In the given case the minimization results in Euler-Tikhonov equation of the second order:
$\alpha y_{\alpha}+A^TAy_{\alpha}=A^T\tilde{b}, \\ y_{\alpha}=(\alpha I + A^TA)^{-1}A^T\tilde{b},$
where $I$ is an identity matrix.
Thus, as one can see the bare numerical approach isn't that bad as it is described in boring mathematical papers :) But so far I didn't introduce one more thing that is responsible for the success of the whole story. Yeah, that's right, this is a regularization parameter $\alpha$. The whole thing depends on it. Even if the convergence of the regularization approach is proved there is still strong demand on the method to choose an appropriate regularization parameter that is related to the optimal regularization solution which is possibly closest to the unknown exact solution and is stable enough. The regularization for the given case is made in following steps:
Define a vector of the regularization parameters that will be used to calculate a regularized solutions' space. For example, in such order:
$\alpha_n = \alpha_0\cdot q^n, n = \overline{1, N},$
where $N$ denotes a total number of the regularized solutions that compose a solutions' space; $\alpha_0$ is an initial value, $\alpha_0 > 0$; $q$ is a factor that governs a rate of convergence to the exact solution (the lower the q factor, the faster the rate), $0 < q < 1$;
One of the most widely used methods is a discrepancy principle. Using this method the solution is found as a root of the next equation:
$\|Ay_{\alpha}-\tilde{b}\|_{L_2}^2 = \delta^2$
It's pretty straightforward. But the devil hides in the details. Here it should be noted that the regularization approach operates with the Euler-Tikhonov equation but not with the initial one. The close analysis of the given regularization approach with the attention to the pointed feature shows that the use of the discrepancy principle will always lead to over regularized solutions (the regularization parameter $\alpha$ will be unnecessary too large). Such a peculiarity is not obvious at all and it can be encountered very frequently that many researches don't pay all necessary attention to these facts and treat calculated regularized solutions as being close enough to exact ones while they are not. Therefore, the extra information about unknown solution will be likely needed (for example, the solution's smoothness).

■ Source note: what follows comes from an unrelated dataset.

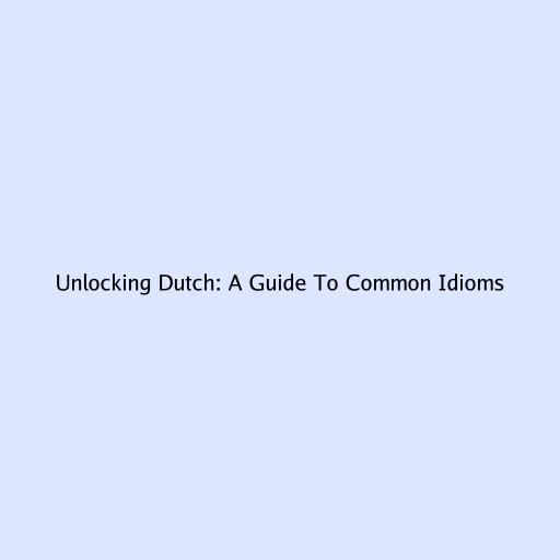 Unlocking Dutch: A Guide to Common Idioms

One word more about a choice procedure. The minimal requirement is $\delta$. That means there is no way to choose the "right" parameter $\alpha$ without the initial data error. I know, time to time arise attempts to find a method that could find a stable reliable regularized solution without initial data error. $L$-curve method, for example. But anyway it is theoretically and practically already proved that such methods do not belong to regularization algorithms' family and can not lead consequentially to the exact solution.

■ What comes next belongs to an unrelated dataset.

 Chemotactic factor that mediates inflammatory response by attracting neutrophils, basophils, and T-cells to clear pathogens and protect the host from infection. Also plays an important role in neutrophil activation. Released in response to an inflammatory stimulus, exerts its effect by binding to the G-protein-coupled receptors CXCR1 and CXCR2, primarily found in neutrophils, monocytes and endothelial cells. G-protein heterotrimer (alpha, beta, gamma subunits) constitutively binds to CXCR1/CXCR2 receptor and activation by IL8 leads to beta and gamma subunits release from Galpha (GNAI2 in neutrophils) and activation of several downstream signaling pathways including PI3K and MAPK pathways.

The error estimation of the regularized solution is another big story that has no place to be provided here...
P.S.: Tikhonov's regularization approach is not the only way to solve ill-posed problems numerically, but from my experience, this is very stable, flexible and relatively not too much time to consume to start with the method that should be among the first candidates to try out.